## What to produce
Leave out the pictures and reproduce all of the data exactly.

## Dataset entries

........

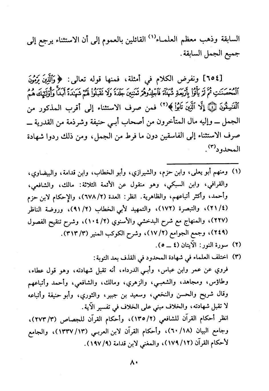 [654] ونفرض الْكَلَام فِي أَمْثِلَة، فَمِنْهَا قَوْله تَعَالَى: {وَالَّذين ير يرْمونَ الْمُحْصنَات ثمَّ لم يَأْتُوا بأَرْبعَة شُهَدَاء فَاجْلِدُوهُمْ ثَمَانِينَ جلدَة وَلَا تقبلُوا لَهُم شَهَادَة ابدا وَأُولَئِكَ هم الْفَاسِقُونَ إِلَّا الَّذين تَابُوا} فَمن صرف الِاسْتِثْنَاء إِلَى أقرب الْمَذْكُور من الْجمل ل - وَإِلَيْهِ مَال الْمُتَأَخّرُونَ من أَصْحَاب أبي حنيفَة وشرذمة من الْقَدَرِيَّة - صرف الِاسْتِثْنَاء إِلَى الْفَاسِقين دون مَا فرط من الْجمل، وَمن ذَلِك ردوا شَهَادَة الْمَحْدُود.
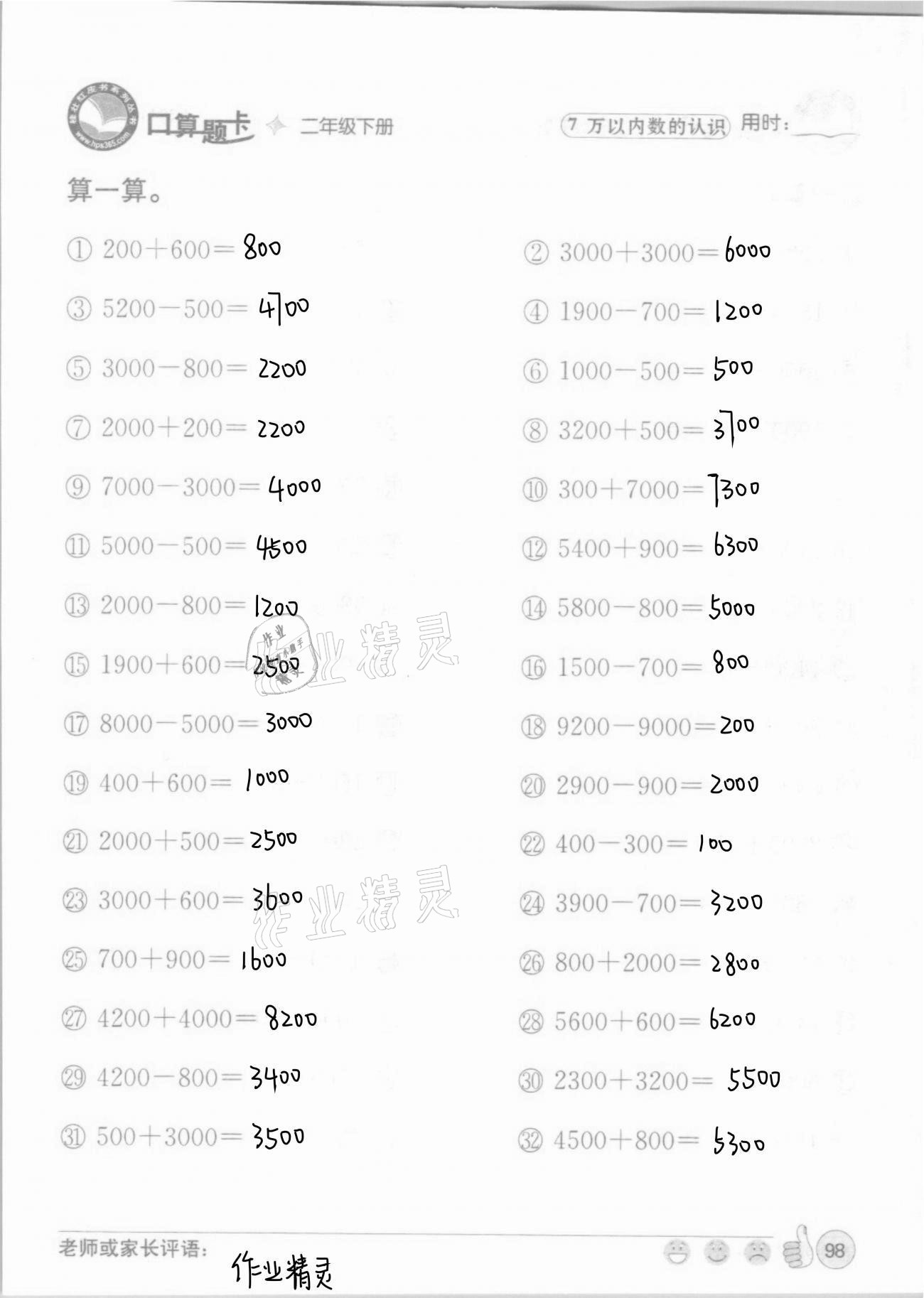2021年桂壮红皮书口算题卡二年级下册人教版
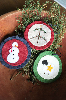 3 Primitive Penny Rug Ornie/Bowl Filler (sheep, tree, & snowman)
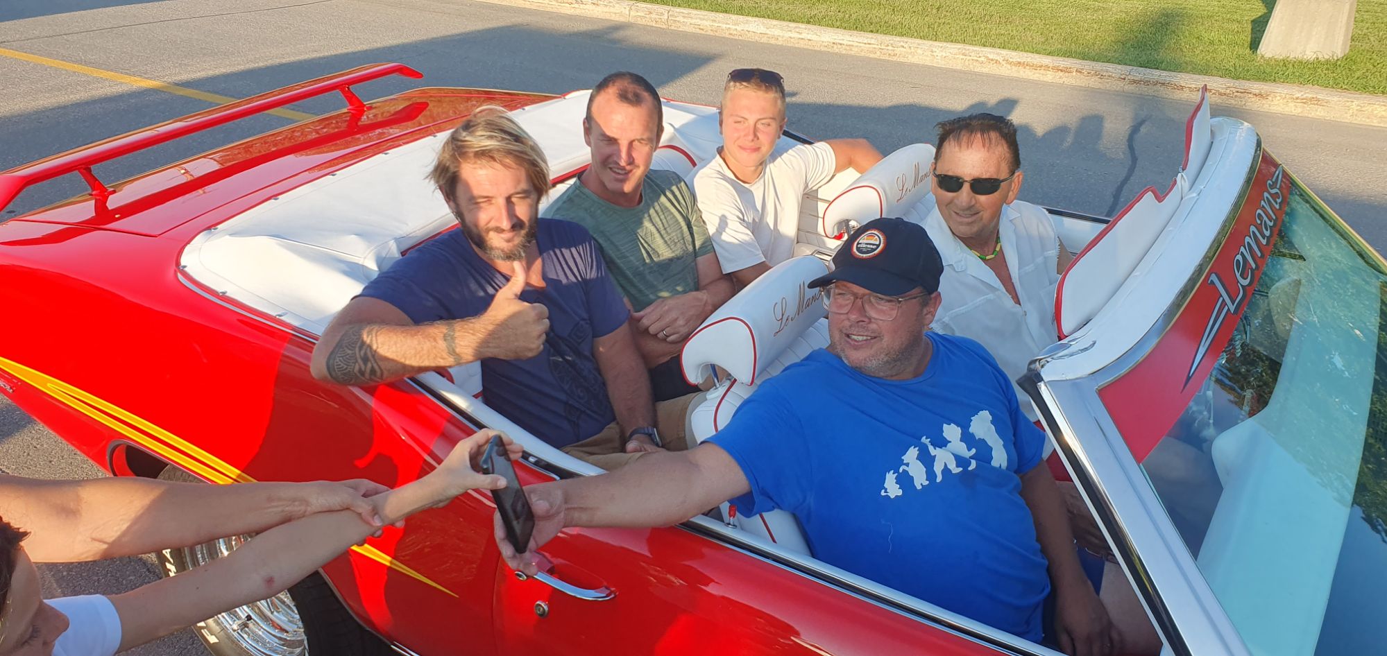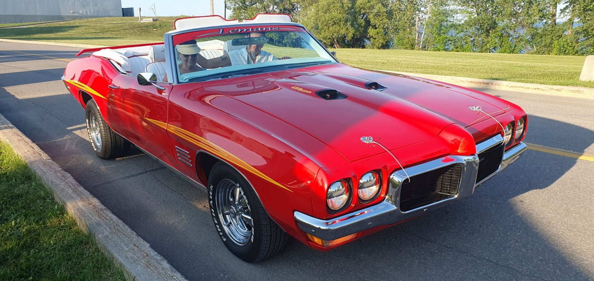 Mais avant cela, petite surprise. Un canadien passe avec sa superbe voiture. C’est une Pontiac Le Mans cabriolet. Il possède 6 autres véhicules de collection.
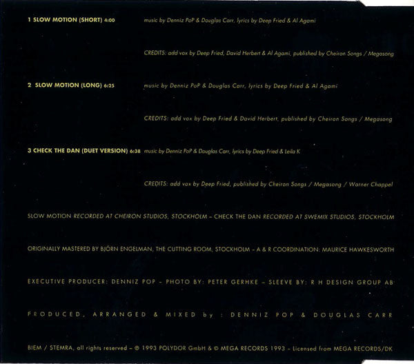 Slow Motion recorded at Cheiron Studios, Stockholm - Check The Dan recorded at Swemix Studios, Stockholm
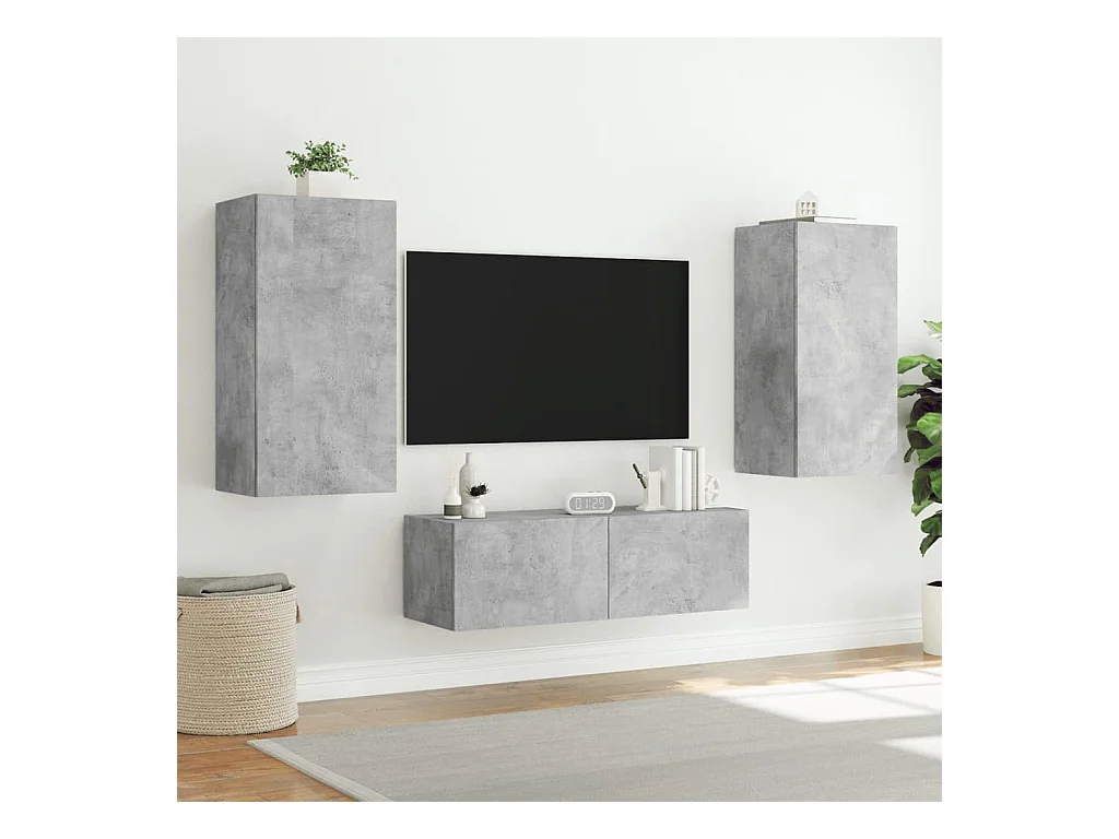 Gerben Meuble TV mural avec lumières LED gris béton 40,5x35x80 cm

........

## Answer for the task
 [654] ونفرض الْكَلَام فِي أَمْثِلَة، فَمِنْهَا قَوْله تَعَالَى: {وَالَّذين ير يرْمونَ الْمُحْصنَات ثمَّ لم يَأْتُوا بأَرْبعَة شُهَدَاء فَاجْلِدُوهُمْ ثَمَانِينَ جلدَة وَلَا تقبلُوا لَهُم شَهَادَة ابدا وَأُولَئِكَ هم الْفَاسِقُونَ إِلَّا الَّذين تَابُوا} فَمن صرف الِاسْتِثْنَاء إِلَى أقرب الْمَذْكُور من الْجمل ل - وَإِلَيْهِ مَال الْمُتَأَخّرُونَ من أَصْحَاب أبي حنيفَة وشرذمة من الْقَدَرِيَّة - صرف الِاسْتِثْنَاء إِلَى الْفَاسِقين دون مَا فرط من الْجمل، وَمن ذَلِك ردوا شَهَادَة الْمَحْدُود.
2021年桂壮红皮书口算题卡二年级下册人教版
 3 Primitive Penny Rug Ornie/Bowl Filler (sheep, tree, & snowman)
 Mais avant cela, petite surprise. Un canadien passe avec sa superbe voiture. C’est une Pontiac Le Mans cabriolet. Il possède 6 autres véhicules de collection.
 Slow Motion recorded at Cheiron Studios, Stockholm - Check The Dan recorded at Swemix Studios, Stockholm
 Gerben Meuble TV mural avec lumières LED gris béton 40,5x35x80 cm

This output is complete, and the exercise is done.